Lessons From Motherhood
Priorities change
Motherhood has been an incredible experience, with ups and downs to manage an immense love that surpasses us. Some days it's wonderful, some days it's so scary that it paralyzes us.
Nothing prepares us for our children but the trend is to improve and learn a lot.
Priorities change, which is not bad, because, more than ever, it is clear what our priority is, our children. But if on a Saturday night it was synonymous with party all night long, now, when they stay with the grandparents the priority is to sleep and with a second child, the priority becomes having quality time for us, as a couple.
“A baby is something you carry inside you for nine months, in your arms for three years, and in your heart until the day you die.”
Mary Mason
Every day I want to be better
There was never anything - a job, a hobby, or other people - that inspired and motivated me as much as my children to try every day to get closer to the best version of myself. In fact, there was never anything that changed my life so much and that challenged me so much to question myself and learn about myself, every day.
Don't make comparisons
As with everything, having expectations and comparing with the neighbor's chicken does not help at all.

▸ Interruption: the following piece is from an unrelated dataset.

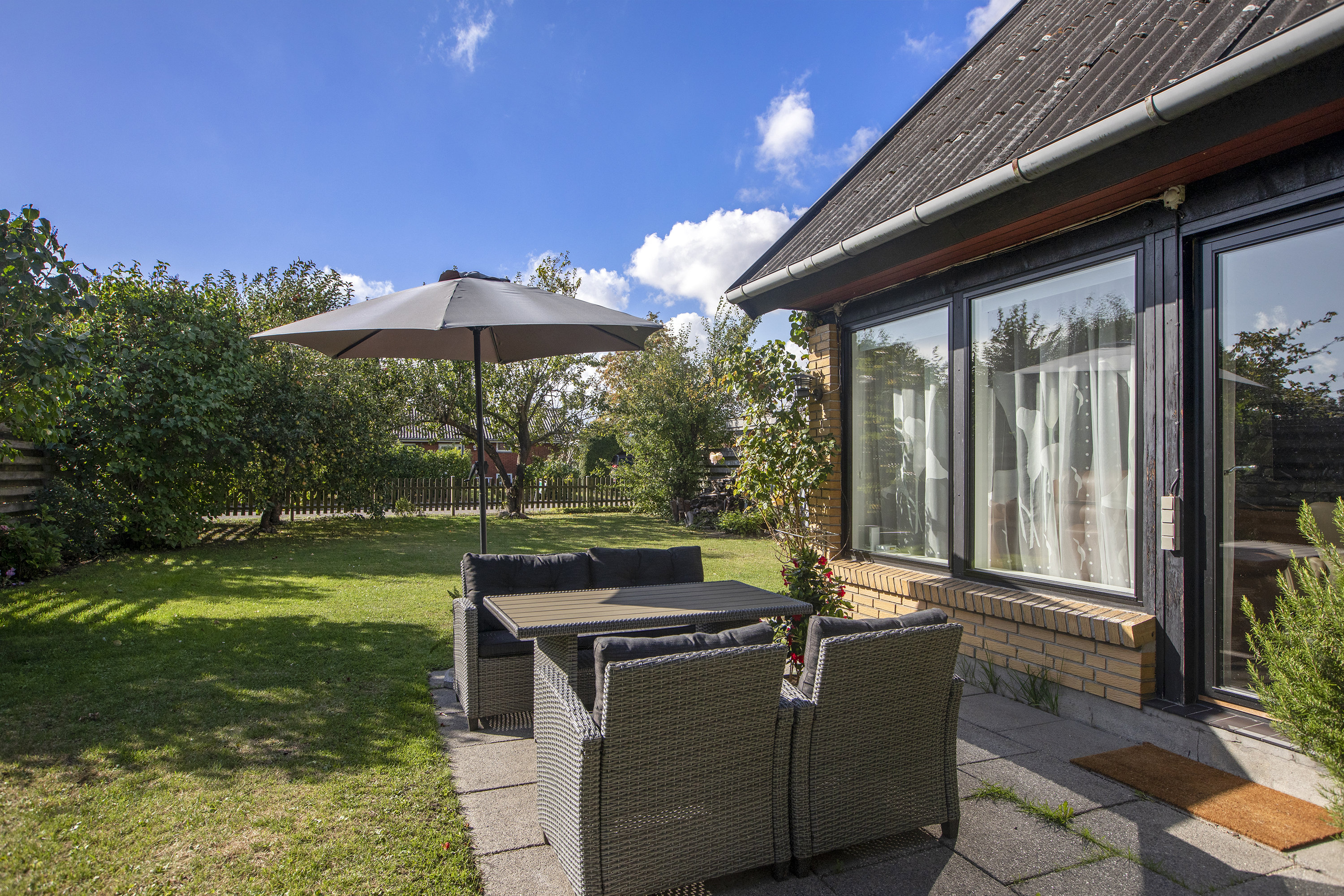 Udenfor venter en stor, sydvendt have, hvor solen kan nydes hele dagen. Her er rig mulighed for at skabe et skønt uderum med terrasse, legeplads eller køkkenhave – alt efter behov.

It is difficult (especially with this culture of putting everything out on instagram or Facebook), but it is really necessary. For our sanity, and theirs.
We often compare our children directly with other cases, based on our experience and our expectations. A mother can say "my son has been sleeping all night since he was 3 months old". That said, it can be interpreted in different ways. For me, sleeping all night is from 8 pm to 8 am, but for someone else, it can be sleeping 5 hours straight (as, in fact, it is considered in the literature on the subject). All about expectations.
Every kid is a kid, and ours are unique!
"The moment a child is born, the mother is also born. She never existed before. The woman existed, but the mother, never. A mother is something absolutely new."
Osho
Everything passes
But the days are long and, at times, hard to pass. Those first few weeks sometimes seem like months. On sleepless nights, in inconsolable and unexplained crying, in the frustration of accumulated tiredness and not knowing what to do. I don't love the newborn stage. For me, I was doing a fast forward for the three months, knowing that afterward there is always some nostalgia for those days when they sleep a lot when they are so small that they can fit on our lap in only one arm, and that we can simply look at them to sleep. But, having the other side too, now that I know how funny they can be at 1 and 2 years old, I feel like watching them grow - but not too much!
Looking for help is a sign of intelligence
There is no need to reach the limit to seek help. On the contrary. Often, the sooner, the better. We are new to this, we are not born taught, but there is still some stigma, sometimes, in “asking for help”. But if there are resources, they are to be used. If when the baby is sick, we turn to doctors and hospitals or other help, why not go when we can prevent and improve some aspects, without reaching a threshold of despair?
We don't have to accept that one day things change, not least because in many cases they just don't change, if we do nothing.
It is not just the first child that we need help and we are not necessarily pro at all.
Last but not least, we may also need help ourselves - Mothers. To rest, to get back in shape or simply to let off steam and feel accompanied and understood. Delegate, ask for support from family or friends, hire someone who can help at home or with the baby, return to exercise, or do psychotherapy.
I think this is the best advice I can give to my friends and all future Mothers - use and abuse your resources and ask for help. For your health, for your sanity, for your babies, for your family.